Стиль этой прозы говорит даже больше, чем Хамади собиралась сказать. Такие глаголы, как «демонстрировать», «обнаружить», «проявить», используются с косвенными дополнениями: кому арабы всё это демонстрируют, проявляют и показывают? Очевидно, никому в особенности и всем вместе. Это еще один способ говорить, что эти истины самоочевидны только для привилегированного или подготовленного наблюдателя, поскольку Хамади не приводит общедоступных свидетельств, подтверждающих ее наблюдения. Да и действительно, учитывая полную их бессмысленность, какие же могут быть тут свидетельства? Дальше – больше, ее тон становится всё увереннее: «Им чуждо всякое коллективное действие». Категории становятся всё более резкими, утверждения – всё более непререкаемыми, а сами арабы полностью превращаются из народа в предмет для стилистических упражнений Хамади. Арабы существуют только как предлог для деспотичного наблюдателя: «Мир – это моя идея».

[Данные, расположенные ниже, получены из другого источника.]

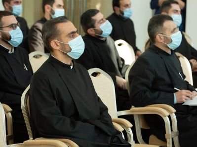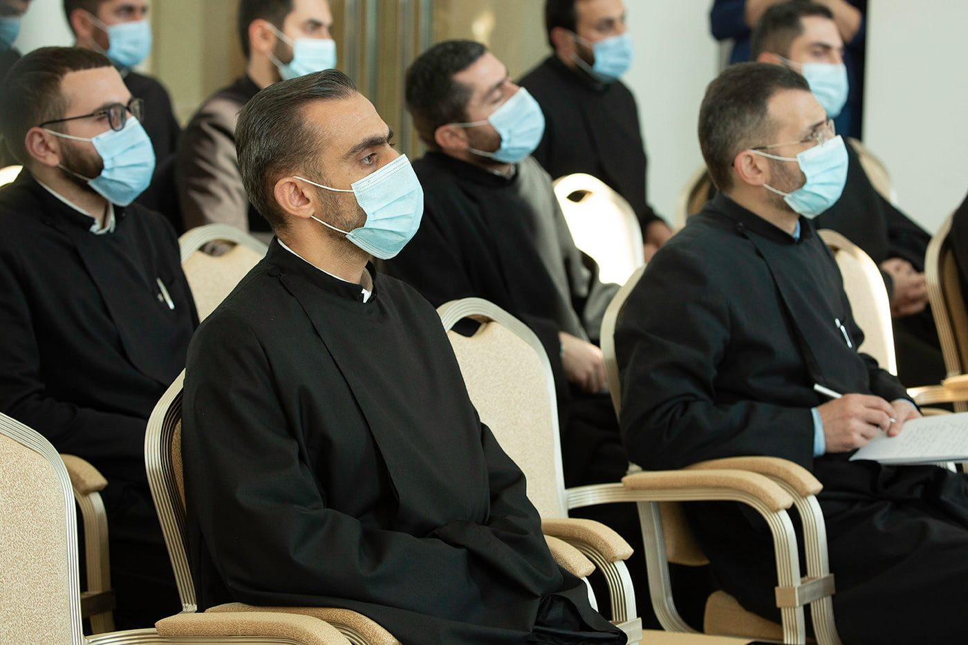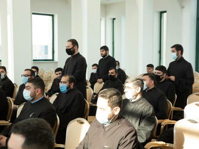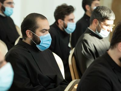 On December 28, His Holiness Karekin II, Supreme Patriarch and Catholicos of All Armenians; received the deacons of the Mother See of Holy Etchmiadzin, on the occasion of the feast of St. Stephen the Proto-Deacon (on December 26 this year). The deacons greeted the Armenian Pontiff singing the hymn “St. Stephen, Sweet Bird”, then, following the Lord’s Prayer, on behalf of the members of the Brotherhood, His Grace Bishop Moushegh Babayan addressed His Holiness, emphasizing that the deacons have gathered to receive the Blessing of the Armenian Patriarch, to listen to His Pontifical advice and exhortations, to continue their service with more zeal in the Armenian churches all over the world. In his speech, His Grace Bishop Moushegh also reflected on the brave service of the chaplains during the Artsakh war, which confirmed the mission of being a devoted and true descendant of St. Stephen the Proto-Deacon. Then, the Pontiff of All Armenians conveyed his Pontifical massage and Blessings to the deacons. His Holiness noted with regret, that this year, the feast of St. Stephen was not celebrated with special solemnity in the Mother See, because of the severe consequences of the war. However, the Armenian Patriarch emphasized the importance of the meeting with the deacons, touching upon the mission of the Armenian Church, the service of the deacons in the Church all over the world, as well as, in the life of the Armenian people, and to continue their spiritual service to the Armenian sons diligently. On this occasion, His Holiness expressed his appreciation to the deacons for their devoted service, in particular, noting their useful service to the Armenian Army, proving what kind of spirit they were inspiring, and conveying courage to the soldiers with their own examples. The Armenian Patriarch noted with gratitude that during both the epidemic conditions and Artsakh war, all the clergy showed high consciousness and spirit of devoted service, fully participating in the defense of the Homeland, having great contribution to the solutions of various problems. Reflecting on the current situation, and the importance of the implementation of the spiritual care in the lives of the Armenian sons, the Pontiff of All Armenians emphasized, that the clergy, including the deacons, have a lot to do to alleviate the pain and loss of the families and individuals who have suffered the most from the consequences of the war and need support. In this regard, His Holiness presented the mission of the Committee formed for the implementation of the "Let's Support Artsakh" social program of the Mother See, noting the importance of the involvement of the deacons in the program. In the conclusion, His Holiness Karekin II, Supreme Patriarch and Catholicos of All Armenians, urged the deacons to continue their patriotic and God-pleasing service with unconditional devotion and zeal, wishing them the help, support and the Blessings of God so that the Armenian Church became prosperous and beloved for the children of the nation due to their service.

И так во всех работах современного ориенталиста: заявления самого странного рода заполняют написанные им/ею страницы – утверждение ли это Манфреда Халперна[1051], доказывающего, что все действия человеческого ума можно свести к восьми базовым операциям, и исламский ум способен освоить лишь четыре из них[1052], или утверждение Морроу Бёрджера о том, что если в арабском языке важное место занимает риторика, то, следовательно, арабы не способны к истинному мышлению[1053]. Возможно, кто-то назовет эти утверждения мифами – по структуре и по функции, – однако необходимо попытаться понять, что за необходимость приводит к их использованию. Вот одна из таких попыток – в порядке размышления, конечно. Обобщения ориенталистов весьма детализированы, когда речь идет о перечислении недостатков арабов, но оказываются куда менее подробными, когда речь заходит о том, чтобы проанализировать их сильные стороны. Арабская семья, арабская риторика, арабский характер, – несмотря на пространные описания ориенталистов, всё это выглядит безжизненным, лишенным человеческой энергии, даже если те же самые описания обладают полнотой и глубиной благодаря широкому охвату предмета исследования. И вновь Хамади:
Так, араб живет в тяжелой и неблагодарной среде. У него мало шансов развить свой потенциал и упрочить свою позицию в обществе; он слабо верит в прогресс и перемены и спасение видит лишь в загробном мире[1054].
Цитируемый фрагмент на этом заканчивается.